Se aplica una sola vez y la función retorna lo necesario (en qué sentido?): utilizando el mismo ejemplo $\mathtt{ex}$

In [16]:
doc = nlp(ex)
pprint([(X.text, X.label_) for X in doc.ents])

[('European', 'NORP'),
 ('Google', 'ORG'),
 ('$5.1 billion', 'MONEY'),
 ('Wednesday', 'DATE')]


Lo anterior solo obtuvo objetos a un nivel de entidad (organización, cantidad de dinero, fecha, NORP). También es posible categorizar una mayor cantidad de objetos: 

In [17]:
pprint([(X, X.ent_iob_, X.ent_type_) for X in doc])

[(European, 'B', 'NORP'),
 (authorities, 'O', ''),
 (fined, 'O', ''),
 (Google, 'B', 'ORG'),
 (a, 'O', ''),
 (record, 'O', ''),
 ($, 'B', 'MONEY'),
 (5.1, 'I', 'MONEY'),
 (billion, 'I', 'MONEY'),
 (on, 'O', ''),
 (Wednesday, 'B', 'DATE'),
 (for, 'O', ''),
 (abusing, 'O', ''),
 (its, 'O', ''),
 (power, 'O', ''),
 (in, 'O', ''),
 (the, 'O', ''),
 (mobile, 'O', ''),
 (phone, 'O', ''),
 (market, 'O', ''),
 (and, 'O', ''),
 (ordered, 'O', ''),
 (the, 'O', ''),
 (company, 'O', ''),
 (to, 'O', ''),
 (alter, 'O', ''),
 (its, 'O', ''),
 (practices, 'O', '')]


"B" means the token begins an entity, "I" means it is inside an entity, "O" means it is outside an entity, and "" means no entity tag is set.

# Ahora extraemos las entidades presentes en una página de internet!

In [18]:
from bs4 import BeautifulSoup
import requests
import re

def url_to_string(url):
    res = requests.get(url)
    html = res.text
    soup = BeautifulSoup(html, 'html5lib')
    for script in soup(["script", "style", 'aside']):
        script.extract()
    return " ".join(re.split(r'[\n\t]+', soup.get_text()))

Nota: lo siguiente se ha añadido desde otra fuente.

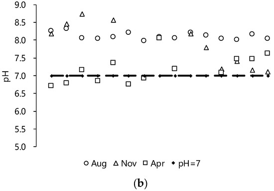 Figure 11b shows that, in August 2016, the pH value of each sampling site in the water body was between 7.98 and 8.31. In November 2016, the pH value of each sampling site was between 7.11 and 9.20, which indicated weak alkalinity. In April 2017, the pH of each sampling site in the water body was between 6.71 and 8.06; overall, the sites were close to neutral, although some sites were weakly alkaline, and some were weakly acidic. According to previous research, a high pH promotes the release of NaOH-P, and a low pH promotes the release of HCl-P [15]. Under neutral conditions, the release of P is the lowest in the sediments [16,17]. Similarly, in this study, Fe-P was extracted under alkaline conditions, SP and Al-P were extracted under neutral conditions, and Ca-P was extracted under acidic conditions. The average value of each site (355.6 mg/kg) is much larger than the average value of Fe-P, SP, and Al-P at each site (12.4, 15.9, and 5.4 mg/kg, respectively). If the overlying water presents weak alkalinity and neutral conditions, the Ca-P, which is a dominant portion of the P concentration in the research area, is difficult to release. Moreover, the Fe-P, SP, and Al-P are relatively easily released, but their concentrations are relatively low. If the overlying water body is weakly acidic, Ca-P may be released. It can be seen from the figure that, in April 2017, some of the upper sites in the research area were weakly acidic, and the TP concentration in the water body was higher than that in August 2016. It can be inferred that the P desorption from sediments during the dry season is greater than the adsorption. However, because the overlying water body is weakly acidic, the number of sections is small and only appears in the dry season. Therefore, in the case of the YLZB River, P in the sediments will not be released in large quantities if the overall pH value does not drastically change.

ny_bb = url_to_string('https://www.nytimes.com/2018/08/13/us/politics/peter-strzok-fired-fbi.html?hp&action=click&pgtype=Homepage&clickSource=story-heading&module=first-column-region&region=top-news&WT.nav=top-news')
article = nlp(ny_bb)
len(article.ents)

158

In [19]:
labels = [x.label_ for x in article.ents]
Counter(labels)

Counter({'PERSON': 81,
         'GPE': 13,
         'ORG': 32,
         'CARDINAL': 5,
         'DATE': 19,
         'PRODUCT': 2,
         'NORP': 3,
         'ORDINAL': 1,
         'EVENT': 1,
         'FAC': 1})

In [20]:
ny_bb2 = url_to_string('https://fitolobo.github.io/')
article2 = nlp(ny_bb2)
len(article2.ents)

73

In [21]:
labels2 = [x.label_ for x in article2.ents]
Counter(labels2)

Counter({'PERSON': 24,
         'ORG': 19,
         'GPE': 10,
         'NORP': 6,
         'DATE': 11,
         'ORDINAL': 1,
         'PRODUCT': 1,
         'CARDINAL': 1})

3 more Frequent Tokens

In [23]:
items = [x.text for x in article.ents]
Counter(items).most_common(3)

[('Strzok', 32), ('F.B.I.', 17), ('Trump', 13)]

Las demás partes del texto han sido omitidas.